My biggest regrets are being to focus on my own pain and my own life that I forgot where are my brothers, they lived under the same roof as I am but in about 1 or 2 years in my memories I only remember them once. I didn’t remember if I cared about them. I didn’t remember how are they. I didn’t remember how they went through the same pain as I did. I didn’t remember if I talked to them. And every time I remember those time I feel awful and those pain become very unbearable, I cried. I wish I wasn’t drown in my own self. I didn’t care if I was hurt I was suppose to be there with them to went through the pain. And I am sorry.

My other regrets in my life is having not pursue higher education. There’s so many reason why I didn’t pursue higher education.

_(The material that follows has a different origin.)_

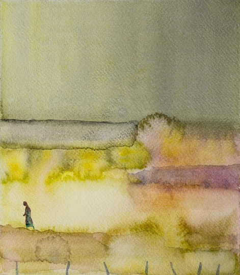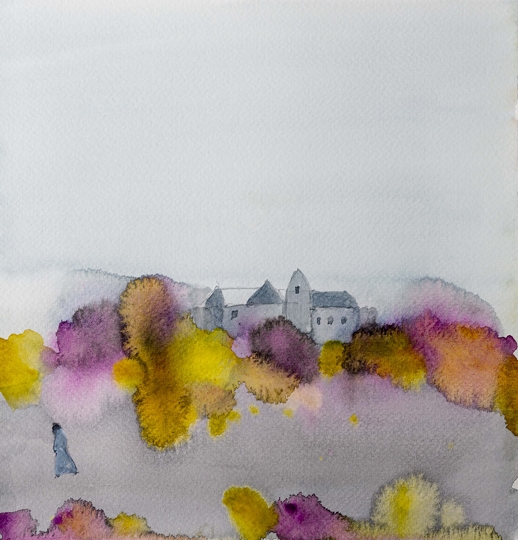 Subhash Awchat’s present series of watercolours is a reflection of time, its structure, not measured by a watch but one that is witnessed when we fall humble into a magnificent landscape. In French we would say “aquarelles au fils du temps” or watercolours over the passage of time.

First and foremost I have a fear of authority figures as a result from many situation that left me with feeling inadequate, embarrassed, humiliated, and judged. It influenced my interaction with people who are older like parents, teachers, lecturers and most of people with authoritative figures so going to school and college is a horror story for me. Where I lived younger people should and must respect older people in any form so I became closed off and not able to speak up my mind to others. Thus made me lost interest in pursuing higher education. My second reason was because I desperately in need of LOVE. For years I focused to feel loved by people and put them in a wrong place to fill up the void that my mom left. Instead to learn to love myself and study I concentrate more to find love. So If I saw friends in social media who went to higher education abroad brings so much regret and pain in me because I always want to study abroad. And they are people I envy the most.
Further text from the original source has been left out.